[Records for this task — start]

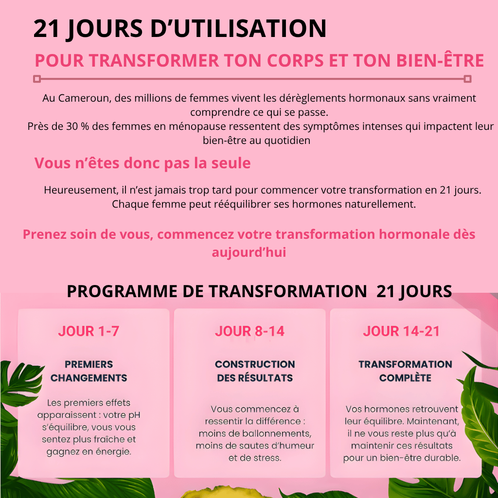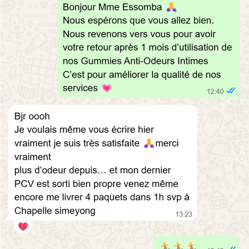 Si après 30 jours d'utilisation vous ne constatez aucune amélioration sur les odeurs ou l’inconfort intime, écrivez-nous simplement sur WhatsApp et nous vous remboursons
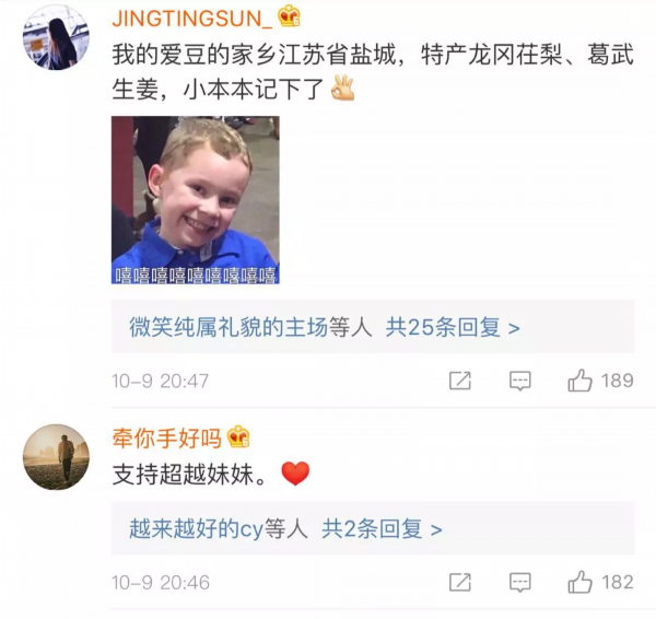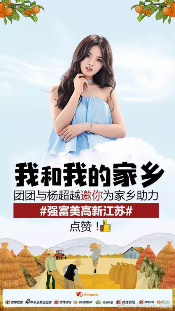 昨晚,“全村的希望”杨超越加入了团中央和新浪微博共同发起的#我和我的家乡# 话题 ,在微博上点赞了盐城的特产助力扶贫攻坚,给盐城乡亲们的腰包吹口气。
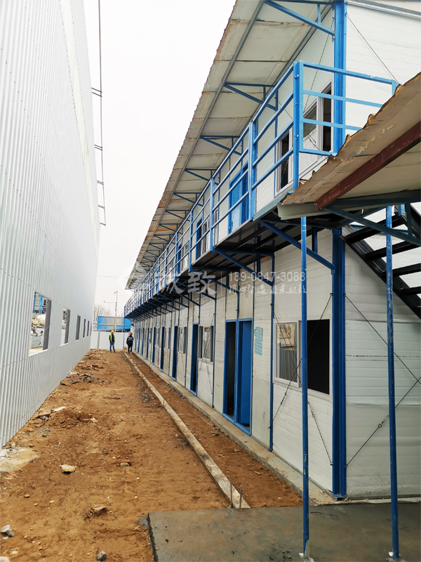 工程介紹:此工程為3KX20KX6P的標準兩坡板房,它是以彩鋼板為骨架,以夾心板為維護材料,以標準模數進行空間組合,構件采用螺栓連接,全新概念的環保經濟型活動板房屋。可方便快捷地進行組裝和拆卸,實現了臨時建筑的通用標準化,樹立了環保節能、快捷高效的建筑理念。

[Records for this task — finish]
[Records for this task — start]

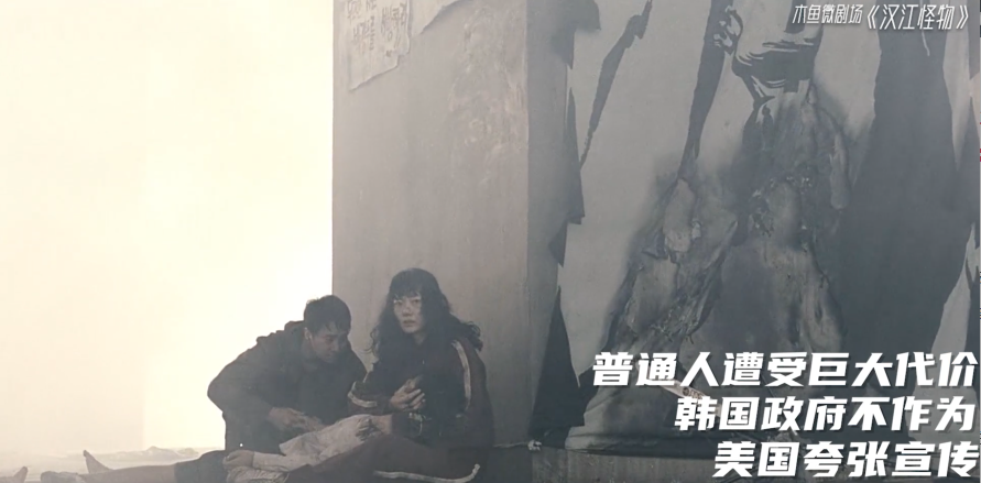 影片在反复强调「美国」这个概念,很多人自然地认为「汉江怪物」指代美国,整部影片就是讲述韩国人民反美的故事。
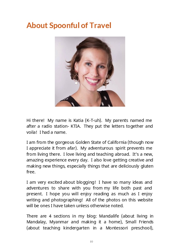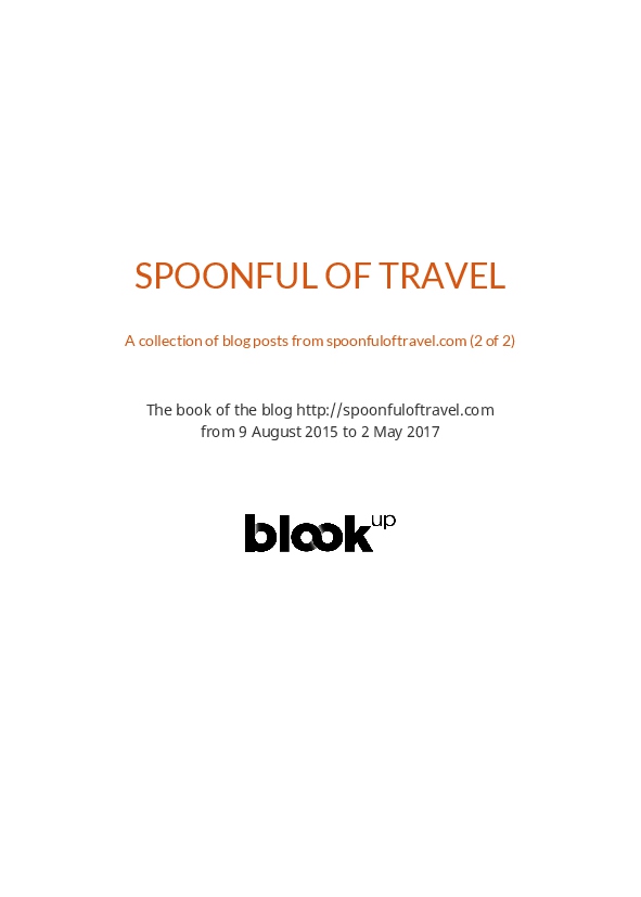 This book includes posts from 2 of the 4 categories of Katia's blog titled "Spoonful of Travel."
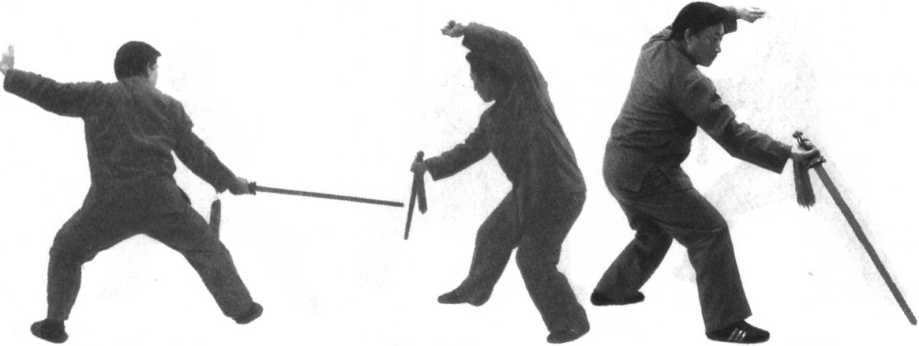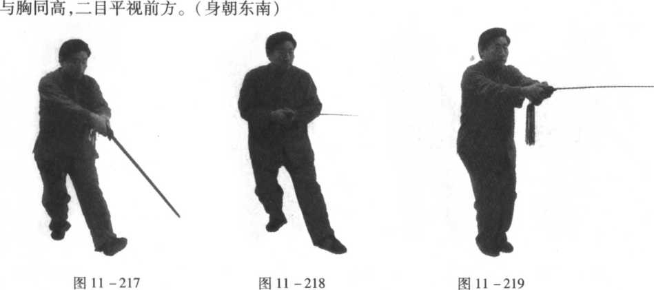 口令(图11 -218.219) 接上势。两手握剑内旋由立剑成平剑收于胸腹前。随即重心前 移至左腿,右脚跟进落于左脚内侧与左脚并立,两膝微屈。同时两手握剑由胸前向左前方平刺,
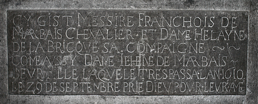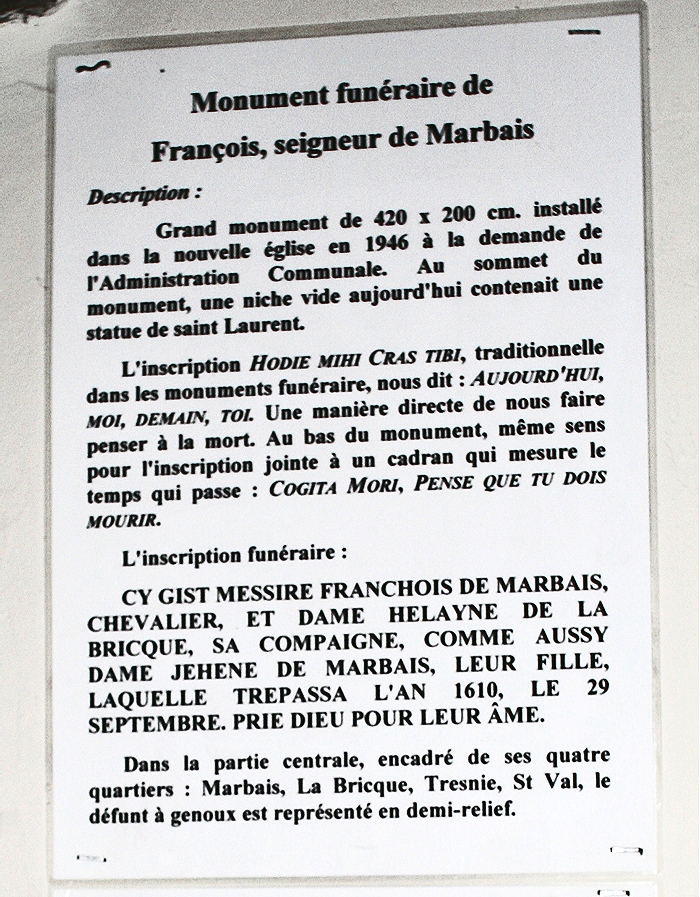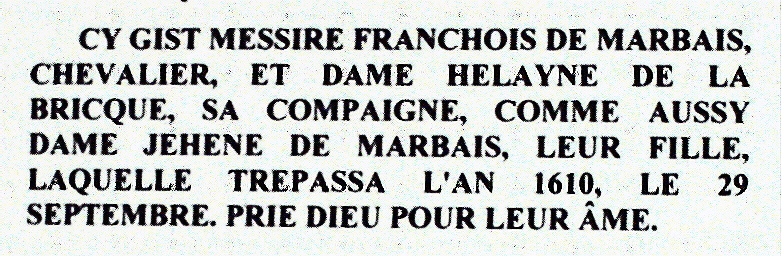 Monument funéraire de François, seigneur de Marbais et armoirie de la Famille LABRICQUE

[Records for this task — finish]
[Records for this task — start]

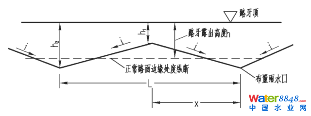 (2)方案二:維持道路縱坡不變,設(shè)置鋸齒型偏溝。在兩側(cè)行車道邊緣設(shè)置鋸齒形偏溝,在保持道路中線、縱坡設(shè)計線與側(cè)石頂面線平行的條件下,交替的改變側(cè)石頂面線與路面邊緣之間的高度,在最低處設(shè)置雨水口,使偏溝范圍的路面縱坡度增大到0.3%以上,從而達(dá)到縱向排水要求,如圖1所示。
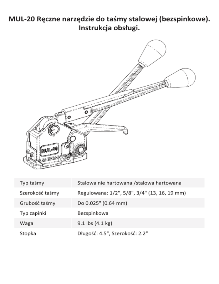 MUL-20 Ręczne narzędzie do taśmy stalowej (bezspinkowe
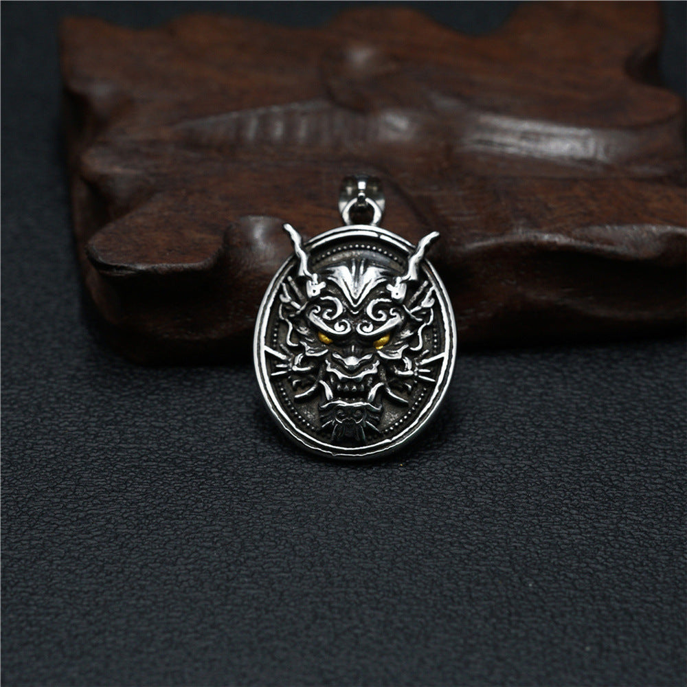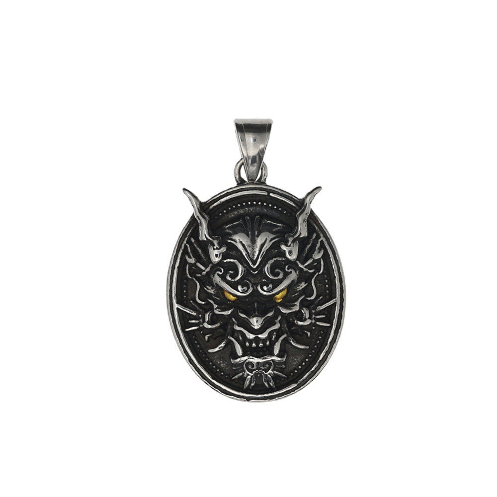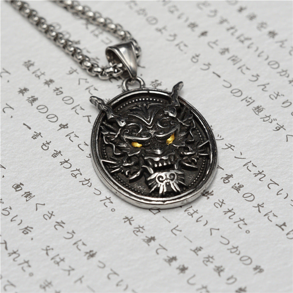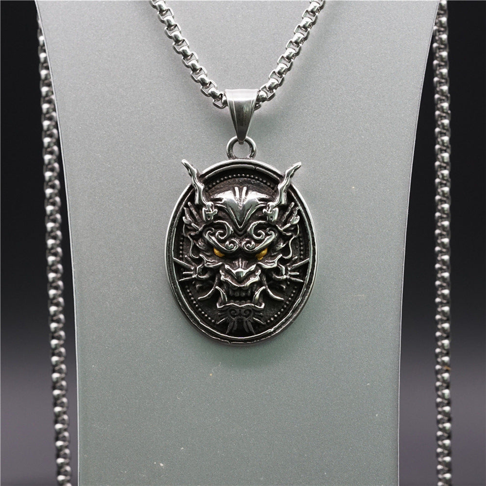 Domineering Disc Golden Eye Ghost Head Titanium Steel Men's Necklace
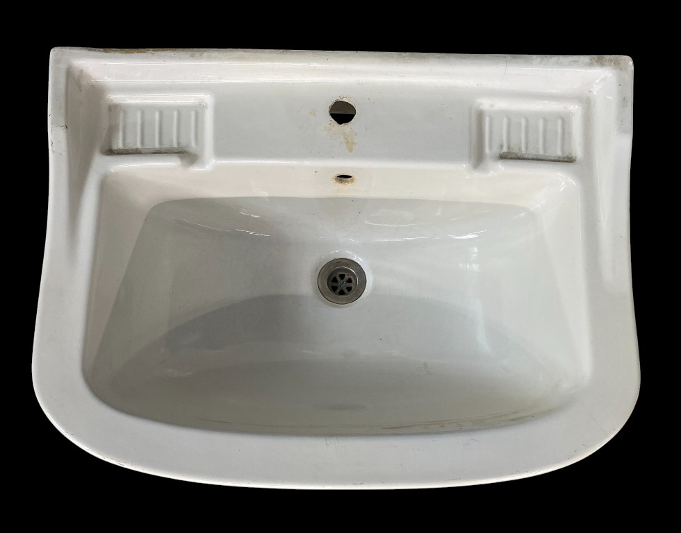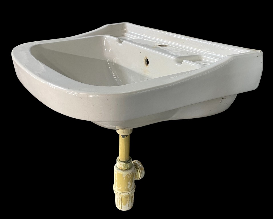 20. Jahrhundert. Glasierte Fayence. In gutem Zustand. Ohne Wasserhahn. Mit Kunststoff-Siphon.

[Records for this task — finish]

**Work instructions:** From the records above, copy exactly the lines starting at the one with "影片在反复强调「美国」这个概" and ending at the one with "口令(图11 -218.219) 接上势。两手握剑内旋由立剑成平剑收于胸腹前。随即重心前", and no others. Pictures stay out.

**Written response:**
 影片在反复强调「美国」这个概念,很多人自然地认为「汉江怪物」指代美国,整部影片就是讲述韩国人民反美的故事。
 This book includes posts from 2 of the 4 categories of Katia's blog titled "Spoonful of Travel."
 口令(图11 -218.219) 接上势。两手握剑内旋由立剑成平剑收于胸腹前。随即重心前 移至左腿,右脚跟进落于左脚内侧与左脚并立,两膝微屈。同时两手握剑由胸前向左前方平刺,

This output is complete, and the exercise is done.